Senate Bill 3617 acknowledges a hard truth in many Illinois communities: the need for mental and behavioral healthcare far exceeds the resources to meet it, according to a release from State Rep. Mike Halpin, D-Rock Island. There are only 14 behavioral healthcare professionals for every 10,000 Illinois residents, and many people must wait longer for essential treatment or skip treatment entirely.

State Rep. Mike Halpin, D-Rock Island, announcing his candidacy for Illinois State Senate on Wednesday, Sept. 8, 2021. (Jonathan Turner, ourquadcities.com)

Halpin joined colleagues in the Illinois General Assembly to support this new law, which has been signed and will take effect immediately.

The measure expands the mental and behavioral healthcare workforce by making it easier for out-of-state clinicians to obtain licensure in Illinois, and streamlining requirements for social workers, professional counselors, and clinical psychologists who have recently inactive licenses.

It also encourages more diversity in the mental health field, creates tax credits for care providers, and makes other improvements in the law to encourage more accessible, quality mental and behavioral healthcare.

“Too many people suffer in silence, and the COVID-19 pandemic has created so many challenges for people who just need help,” Halpin said in a Friday release. “I am proud to support investing in our mental and behavioral health system to provide high-quality care in all parts of Illinois.”

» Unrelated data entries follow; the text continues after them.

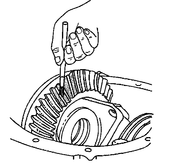 1. Wipe clean the differential case, the ring gear and the differential carrier housing of lubricant. Carefully clean each tooth of the ring gear.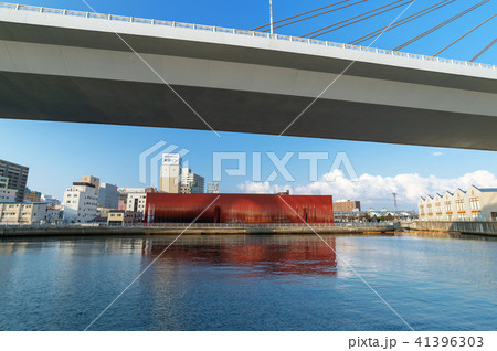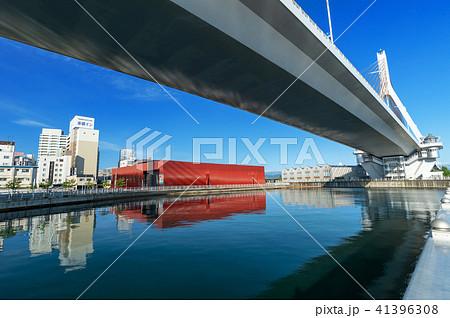 青森の街並み 晴れた日のねぶたの家 ワ・ラッセと青森ベイブリッジ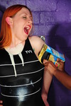 Maiden the Slave Girl, in a Tesco uniform dress, takes on The Pink Pourer!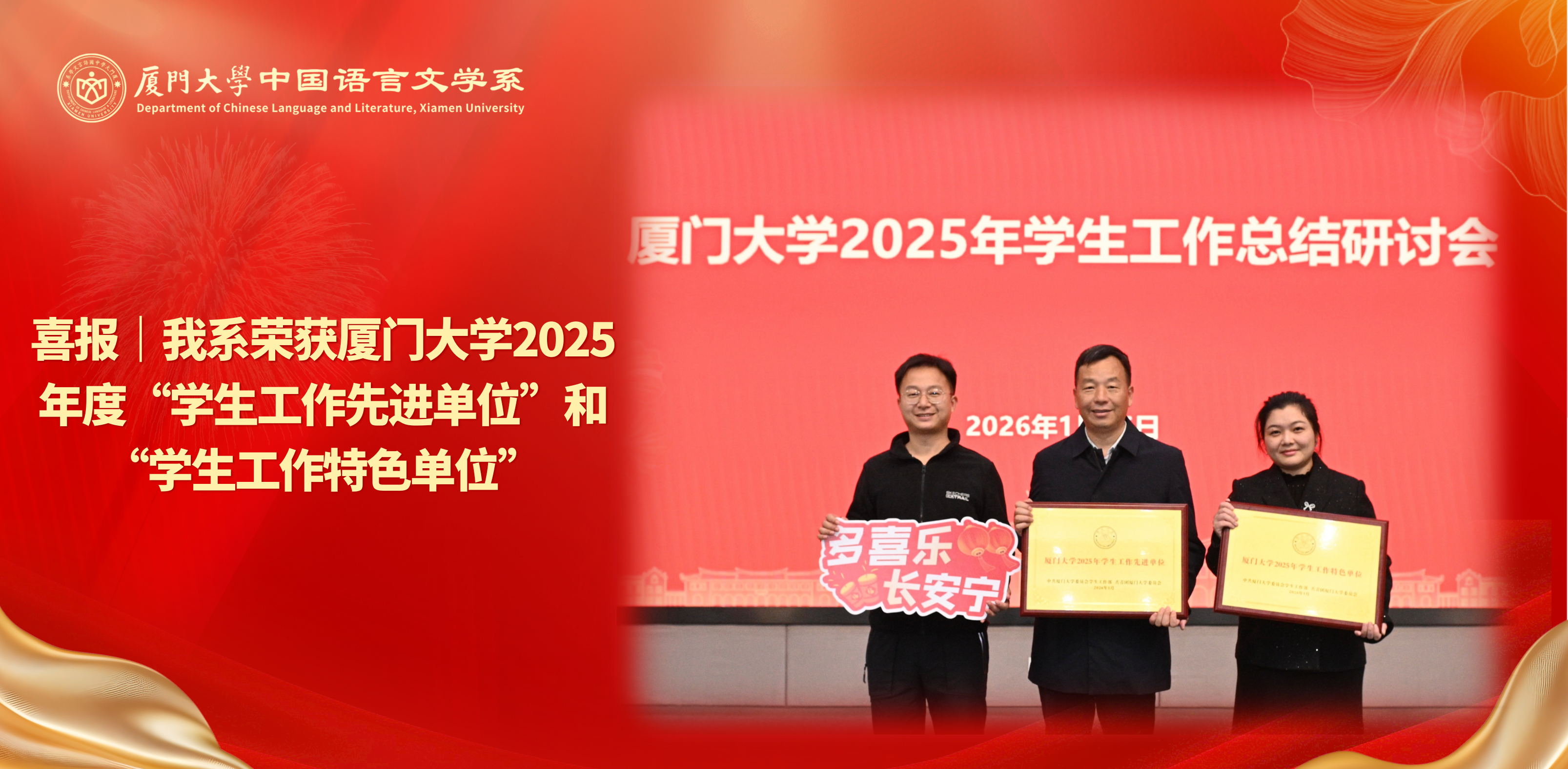 2026-011月16日,厦门大学2025年学生工作总结研讨会在翔安德旺图书馆二号报告厅举行。校党委副书记孙理、机关部处领导以及全校学工干部等参加了会议。大会总结学校2025年学生工作的成绩和经验,并对年度学生工作先进单位、特色单位和优秀辅导员等进行表彰。中文系获得“学生工作先进单位”“学生工作特色单位(港澳台学生工作)”两项荣誉。2025年,中文系学生工作在系党政领导的正确指导和全体师生的共同努力下,学生工作考评基础工作指标全部达标,...

The bill temporarily allows professional licensees out of practice for less than five years to reactivate their license with the Illinois Department of Financial and Professional Regulation (IDFPR). The bill also seeks to expand behavioral health training, incentivizes the hiring of individuals in recovery from substance use disorder or mental illness, and makes it easier for advanced practice registered nurses to treat patients.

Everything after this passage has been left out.